We visited the Jefferson City Visitor Center on August 9, 2024. Our AirBnB was directy across the street, so it was a quick walk. The next day, on August 10, after we visited the Missouri State Penitentiary, we returned to visit the Missouri State Penitentiary Museum which was in the lower level of the building.
The Visitor Center is also a historic building called The Colonel Darwin W. Marmaduke House, built in 1888, and on the National Registor of Historic Places. You can arrange for a tour of the house. It was the Warden's Residence and was also built by prison labor. They provided us with a booklet to read about the history.
The house overlooks the Missouri State Penitentiary and Col Darwin W. Marmaduke was the first warden to live in the house, but there were a total of 19 wardens that lived in the house.
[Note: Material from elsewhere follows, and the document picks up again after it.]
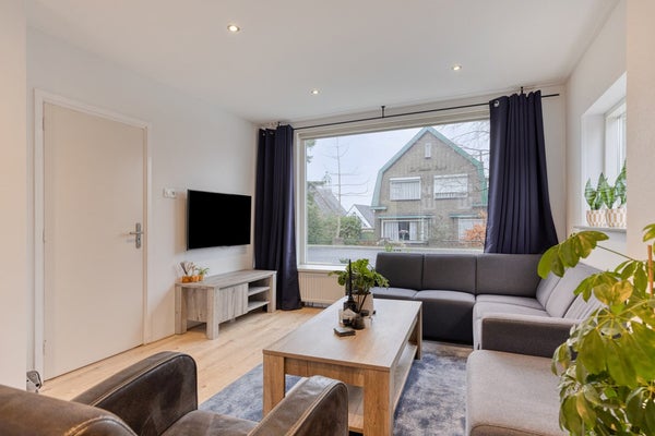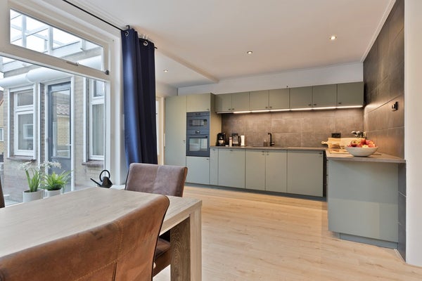 Vanuit de hal bereikt u de lichte en fijne woonkamer, die dankzij de grote raampartijen veel daglicht ontvangt. De woonkamer staat in open verbinding met de keuken, wat zorgt voor een ruimtelijk en gezellig geheel. De woonkamer heeft een oppervlakte van ca. 25,7 m².

Personally, I would not want to raise my family so close to the State's worst felons.
This is what you see when entering the museum. It is a recreation of the cells across the street at the prison. It is a later depiction than the time period of Richard Marshall because there is electricity and a television.
Most of the prison tour and the museum were not applicable to my ancestor Richard Marshall who was there in 1866-1867. This information is about the first decades that would have applied to him. I can get an idea of how many were there in 1866 because in 1860 there were 406 inmates and in 1870 there were 734 inmates, so it would have been somewhere between those two numbers. The prison opened in 1836.
This continues the panel of information and there is an graphic of the prison, a drawing, and I thought it would show the time period of 1868 when the new A-Hall barracks was built, but unfortunately it is actually much later. The building Richard was in is not even depicted here.
This information board shows a graphic of the prison in 1954 after the riot.
This information board told me that the AirBnB we stayed in was also built by inmate or prison labor.